1916: Lloyd George becomes PM without an election when Asquith falls
1922:  Andrew Bonar Law became PM after the 1922 Committee revolt against the Coalition but called an election almost immediately
1923: With Bonar Law resigning because of his terminal cancer Stanley Baldwin is appointed PM. He, too, called an election soon after his appointment, which was inconclusive and led to a vote of no confidence, which, in turn, led to
1924: Ramsay Macdonald being appointed to be PM
Baldwin's second term came after he had led the Conservative Party to a huge victory but
1935: Baldwin was appointed Prime Minister of the Coalition government as Ramsay Macdonald's health was failing; he then won an election but
1937: Baldwin resigned and Chamberlain was appointed PM.

Before anyone starts making stupid comments about Neville Chamberlain let me say it quite forcefully that had there been an election in 1940 as intended, the Conservatives under him would have been returned triumphantly.

And so we come to 1940, from which the situation is a good deal more clear-cut with no real problems with the few coalitions we had.

1940: Churchill appointed PM and, obviously, could not call an election. In any case he leads a war-time coalition that is not dissolved till spring 1945 when Attlee demands an election, not something WSC was keen on. Labour landslide. Churchill loses one more election in 1950 and Conservatives are returned in 1951 though only just and without a popular mandate, which does not matter under our system.
1955: Churchill finally retires and Anthony Eden is appointed PM. He called an immediate General Election and increased the Conservative majority considerably. Well, we all know the sad story of Eden's premiership.
1957: Harold Macmillan is appointed PM. Did not call an election till 1959 which he won.
1963: Sir Alec Douglas Home is appointed PM after Supermac's resignation. Calls election in 1964 and loses though only just by five seats.
1976: James Callaghan is appointed PM after Harold Wilson completely unexpected resignation. Calls election in 1979 and loses.
1990: John Major is appointed PM after the drama of challenge to Thatcher and her resignation.

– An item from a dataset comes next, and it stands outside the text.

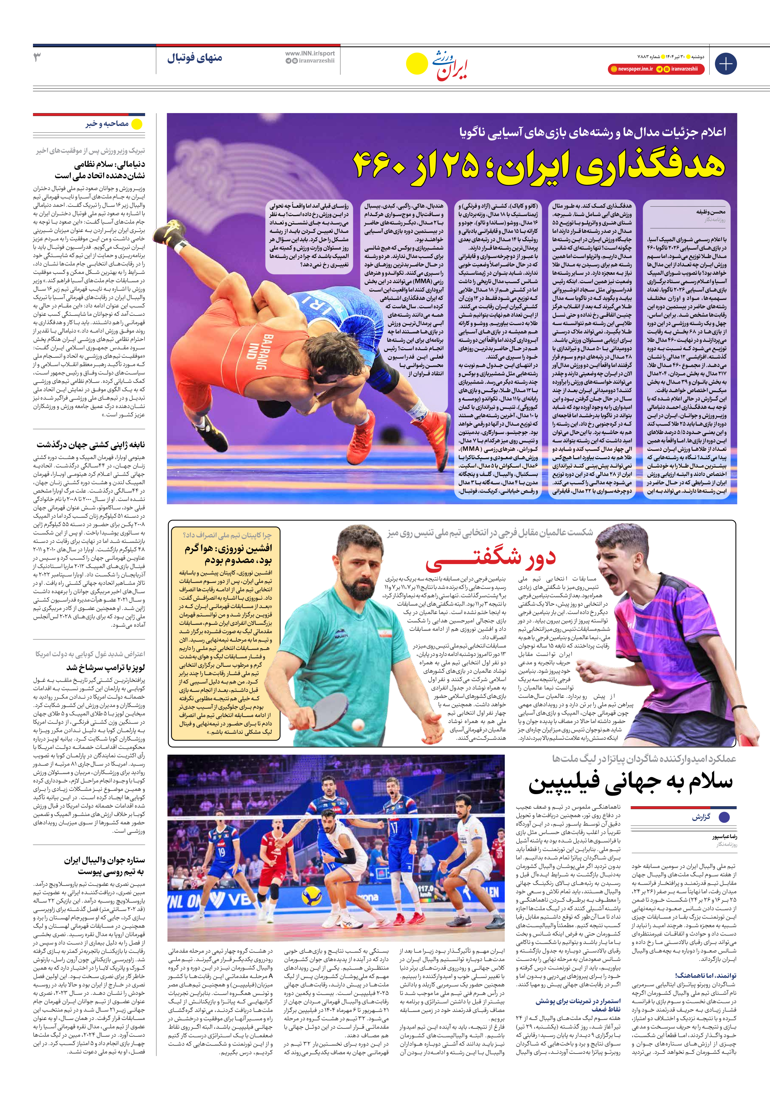 روزنامه ایران ورزشی - شماره هفت هزار و هشتصد و هشتاد و سه - ۳۰ تیر ۱۴۰۴ - صفحه ۳

Calls election in 1992 and wins.
2007: Gordon Brown appointed PM after Tony Blair's rather protracted resignation saga. Calls election in 2010 and loses.
2016: Theresa May appointed PM after David Cameron gambles on the EU referendum and loses, resigning immediately. No need to call an election especially as we now have fixed term Parliaments.

For the sake of brevity I have written of PMs losing or winning elections. Of course, it was the party they led that did so. Let me reiterate my two points:

1. None of our Prime Ministers are elected and
2.  Quite a few of our Prime Ministers even under the modern party system were appointed as their predecessors resigned. Some called an election immediately, some delayed; some then led their parties to victory, some did not.


  1. Nothing like some historical facts to clear up the arguments (or should that be "clean up"?). Anyway, thanks for a good piece on the selection of the new PM.


    PS: The great bane of our modern western societies is the declining standards of the news media.

    1. Did the news media ever actually have a golden age when they weren't clueless on every issue of importance? I'm in my 40s and I don't remember a time when the bulk of news media output was of a noticeably higher standard than today. There are rare bright spots but they are noticeable by their scarcity.

    2. I like to think there was a time but would be hard put to name when.